Vaccination is the best protection against measles but because babies can't receive their first MMR (measles, mumps, rubella) vaccine until 15 months, babies younger than that are particularly vulnerable.

Becky Casale said she was shocked to learn early education and daycare providers, whom she paid to look after her infant daughter, had no legal obligation to check staff were vaccinated or to tell parents about unvaccinated staff.

Casale said she knew a receptionist at a north Auckland daycare who was completely unvaccinated.
Measles has an incubation period where you're contagious before you might even know you're sick. Parents packing an 'unhealthy' snack for their own kid's ECE lunch will get in more trouble than some antivax clown who decides to work at hospital, or at an ECE centre.

At least in ECE centres, we might hope that competition among centres for kids will have them highlighting their pro-vaccination credentials like 100% vaccinated staff and that they kick out kids who don't keep up with their vaccinations.

Harder to see that happening with hospitals. Heck, I wouldn't even have considered that hospital staff might not have been vaccinated.

How is it that we've wound up with a system that is happy to impose compulsion, for health reasons, and especially where children are involved - except in the cases where it is most strongly justifiable? A system that can tell you how many choking incidents in ECEs involved small bits of food, but that cannot tell how many ECE or hospital staff are vaccinated?
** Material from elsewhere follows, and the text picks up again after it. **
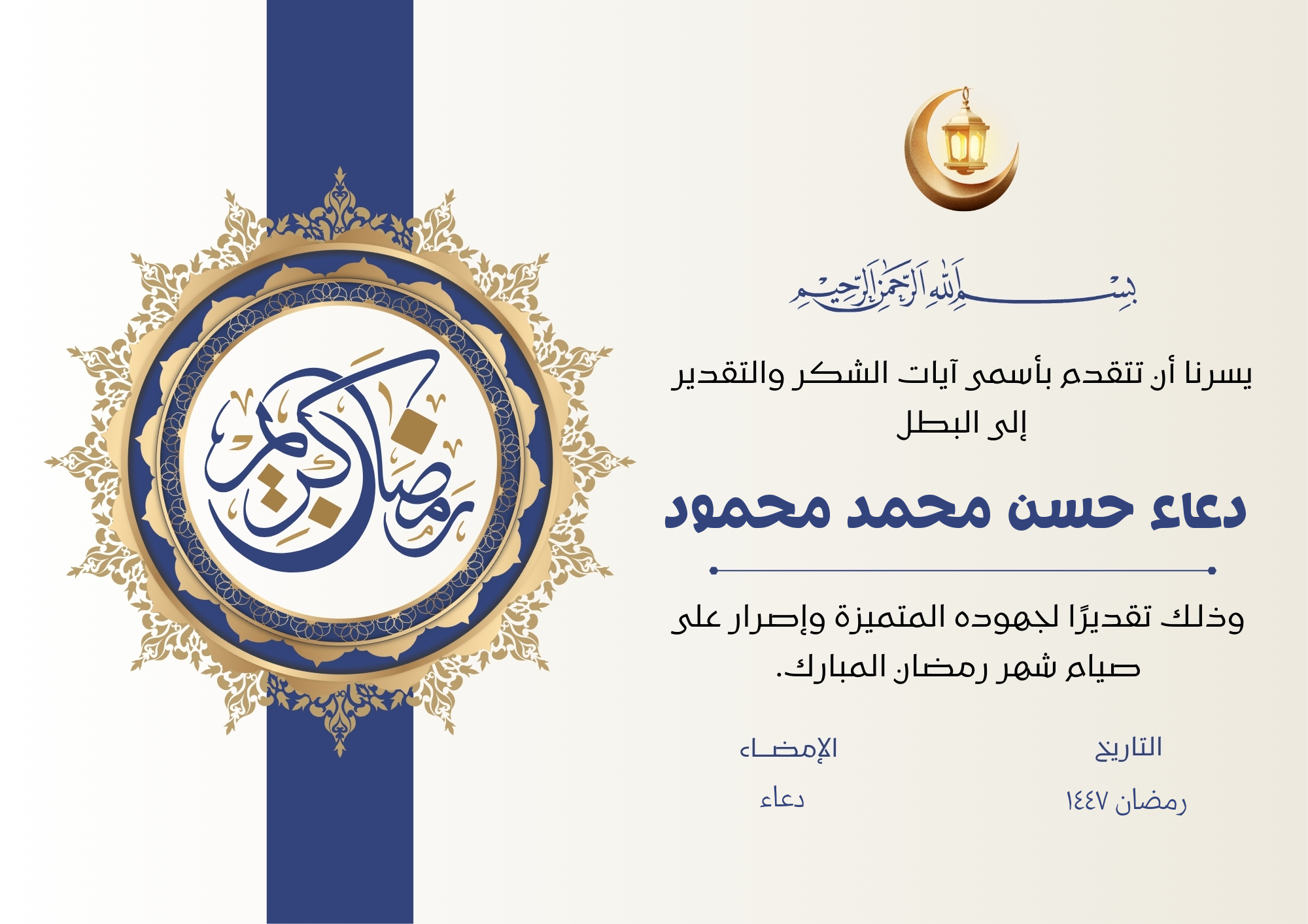 ابدأ الآن في إنشاء شهادة تقدير صيام رمضان 1447 لطفلك وامنحه لحظة فخر وذكرى جميلة في هذا الشهر المبارك.

When it comes to soda, and tobacco, and alcohol, the public health crowd will insist that it's impossible to have informed consent. But, for ECE centres, and hospitals, and midwives, it's caveat emptor, with parents expected to know that they should check whether staff are antivaxxers. Like, a warning label on a pack of smokes wasn't considered enough warning about the dangers of cigarettes. They also needed plain packaging and taxes and a pile of other rules. But the person you hand your three-month-old to at ECE - not even a warning label that that person's an antivaxxer. The orderly cleaning the room your newborn is in at hospital? No label there either.

None of it makes sense - until you remember that the point of public health is not public health. If the point of public health were public health, full vaccination would be a condition of employment at public hospitals. And public health types would have dealt to vaccination at ECE outfits long before they moved to hector folks about what they put in the kids' lunches.